— INPUT MATERIAL —
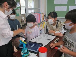 今日は、1・2年算数科の研究授業を担任の阪本先生が行いました。1年生は「たし算(2)」2年生は「図をつかって考えよう」という学習です。複式指導のため、先生が2つの学年を行き来して指導します。ブロックを使って操作活動をしたり、司会者を決めて自分達で学習を進めたり、タブレットのヒントを通して考えをボードに書いたりする姿が見られました。
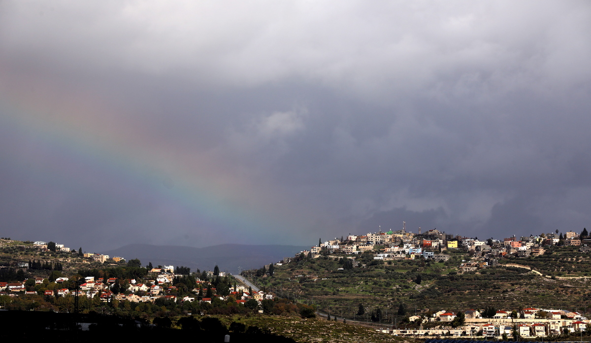 epa08973169 A rainbow is seen during rainy and cold weather over the Palestinian village of Jet (R) and jewish settelment of Qadomim (L) near the West Bank city of Nablus, 29 January 2021. EPA/ALAA BADARNEH
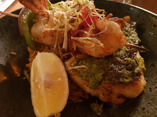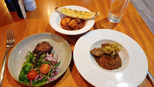 Read moreIt was my 68th birthday.. I pinged for African food as I grew up there I reserved a table for 2 as there was no option for one I arrived early and looked at the prices on the menu. I wanted the beef stew but it was £19:99 as was the Mac N Cheese. I feel that the prices are unreasonable. There were not many patrons there quite a few white people and some Nigerian couples. My hopes of meeting a lady there were unrealistic. I ordered lamb suya which was a starter of BBQ lamb slices and a small green salad £10 and a side of chips £4 The lamb was so moist and tender but there was not enough. The chips were in a small basket and were crispy and not greasy. Afro beats set the mood and after my 3rd can of Red Stripe lager (Jamaican) I got a bit teary eyed I ordered plantain cake and ice cream which came with caramel sauce and a little dab of whipped cream and a sliced strawberry on top. It was heavenly. In the back of my head I thought I had spent about £25 I was a bit shocked when the bill came it was £43. The Red stripe was about 4.99 for a 330ml can The service was great and the beer was cold and it was very chilled. I think the resteraunts is more Jamaica/American food oriented to cater to the English who are unfamiliar with African food. I wanted grilled tilapia and yam but not able to order off the menu. The resteraunt is spotless bright and uncluttered. Food presentation and quality also good. I gave 4 stars because of the prices and portion size and it's not a pure...
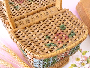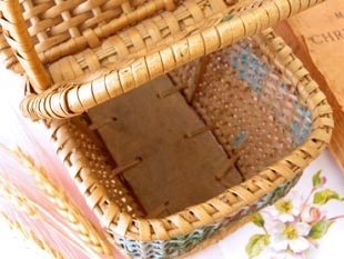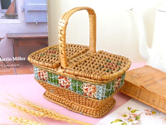 に大好きなお菓子を入れるのに使ったのでしょうね。とても丁寧に作られた凝ったデザインのウィッカー
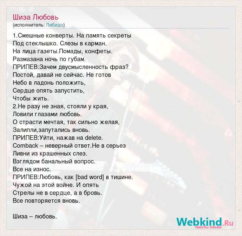1.Смешные конверты. На память секреты Под стеклышко. Слезы в карман. На лица газеты.Помады, конфеты. Размазана ночь по губам. ПРИПЕВ:Зачем двусмысленность фраз? Постой, давай не сейчас. Не готов Небо в ладонь положить, Сердце опять запустить, Чтобы жить. 2.Не разу не зная, стояли у края, Ловили глазами любовь. О страсти мечтая, так сильно желая, Залипли,запутались вновь. ПРИПЕВ:Уйти, нажав на delete. [bad word] – неверный ответ.Не в серьез Ливни из крашенных слез. Взглядом банальный вопрос. Все на износ. ПРИПЕВ:Любовь, как [bad word] в тишине. Чужой на этой войне. И опять Стрелы не в сердце, а в бровь. Все повторяется вновь. Шиза – любовь.
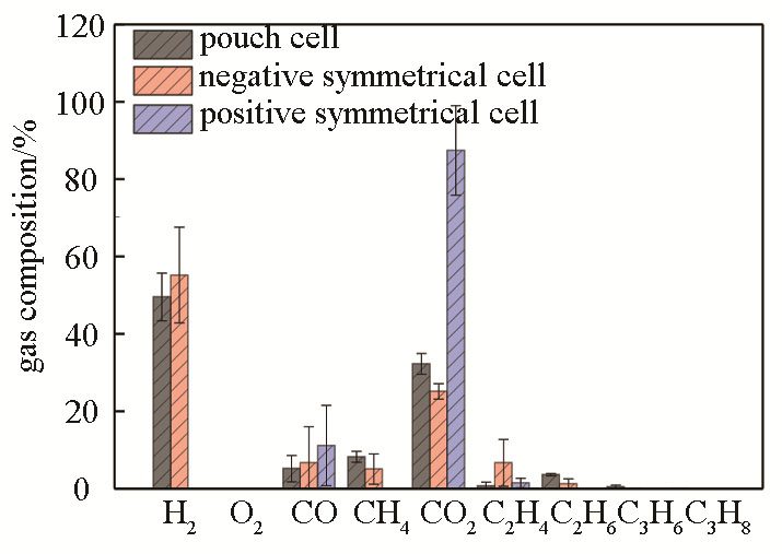 圖4 0.1 C/0.1 C倍率循環(huán)20周后,GC色譜檢測到的全電池、負極對稱電池及正極對稱電池中所生成的氣體成分
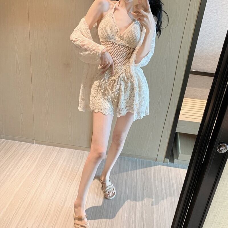 【送料無料】 水着 スイムウェア スイム ウエア 3点セット 水着セット レディース ラッシュガード 薄手 透け感 シアー レース柄 総レース 七分袖 カーディガン カーデ ガウン タンキニ セパレート ビキニ クロシェ クロシェニット スカート ハイウエスト セクシー 上品 きれいめ 大人 可愛い おしゃれ 人気 ママ水着 体型カバー お腹カバー 細見え 20代 30代 40代 プール 海 旅行 アイボリー 夏

— PROBLEM TO SOLVE —
The records above are to be transcribed word for word. Skip the images.

— REPLY TO THE TASK —
 今日は、1・2年算数科の研究授業を担任の阪本先生が行いました。1年生は「たし算(2)」2年生は「図をつかって考えよう」という学習です。複式指導のため、先生が2つの学年を行き来して指導します。ブロックを使って操作活動をしたり、司会者を決めて自分達で学習を進めたり、タブレットのヒントを通して考えをボードに書いたりする姿が見られました。
 epa08973169 A rainbow is seen during rainy and cold weather over the Palestinian village of Jet (R) and jewish settelment of Qadomim (L) near the West Bank city of Nablus, 29 January 2021. EPA/ALAA BADARNEH
 Read moreIt was my 68th birthday.. I pinged for African food as I grew up there I reserved a table for 2 as there was no option for one I arrived early and looked at the prices on the menu. I wanted the beef stew but it was £19:99 as was the Mac N Cheese. I feel that the prices are unreasonable. There were not many patrons there quite a few white people and some Nigerian couples. My hopes of meeting a lady there were unrealistic. I ordered lamb suya which was a starter of BBQ lamb slices and a small green salad £10 and a side of chips £4 The lamb was so moist and tender but there was not enough. The chips were in a small basket and were crispy and not greasy. Afro beats set the mood and after my 3rd can of Red Stripe lager (Jamaican) I got a bit teary eyed I ordered plantain cake and ice cream which came with caramel sauce and a little dab of whipped cream and a sliced strawberry on top. It was heavenly. In the back of my head I thought I had spent about £25 I was a bit shocked when the bill came it was £43. The Red stripe was about 4.99 for a 330ml can The service was great and the beer was cold and it was very chilled. I think the resteraunts is more Jamaica/American food oriented to cater to the English who are unfamiliar with African food. I wanted grilled tilapia and yam but not able to order off the menu. The resteraunt is spotless bright and uncluttered. Food presentation and quality also good. I gave 4 stars because of the prices and portion size and it's not a pure...
 に大好きなお菓子を入れるのに使ったのでしょうね。とても丁寧に作られた凝ったデザインのウィッカー
1.Смешные конверты. На память секреты Под стеклышко. Слезы в карман. На лица газеты.Помады, конфеты. Размазана ночь по губам. ПРИПЕВ:Зачем двусмысленность фраз? Постой, давай не сейчас. Не готов Небо в ладонь положить, Сердце опять запустить, Чтобы жить. 2.Не разу не зная, стояли у края, Ловили глазами любовь. О страсти мечтая, так сильно желая, Залипли,запутались вновь. ПРИПЕВ:Уйти, нажав на delete. [bad word] – неверный ответ.Не в серьез Ливни из крашенных слез. Взглядом банальный вопрос. Все на износ. ПРИПЕВ:Любовь, как [bad word] в тишине. Чужой на этой войне. И опять Стрелы не в сердце, а в бровь. Все повторяется вновь. Шиза – любовь.
 圖4 0.1 C/0.1 C倍率循環(huán)20周后,GC色譜檢測到的全電池、負極對稱電池及正極對稱電池中所生成的氣體成分
 【送料無料】 水着 スイムウェア スイム ウエア 3点セット 水着セット レディース ラッシュガード 薄手 透け感 シアー レース柄 総レース 七分袖 カーディガン カーデ ガウン タンキニ セパレート ビキニ クロシェ クロシェニット スカート ハイウエスト セクシー 上品 きれいめ 大人 可愛い おしゃれ 人気 ママ水着 体型カバー お腹カバー 細見え 20代 30代 40代 プール 海 旅行 アイボリー 夏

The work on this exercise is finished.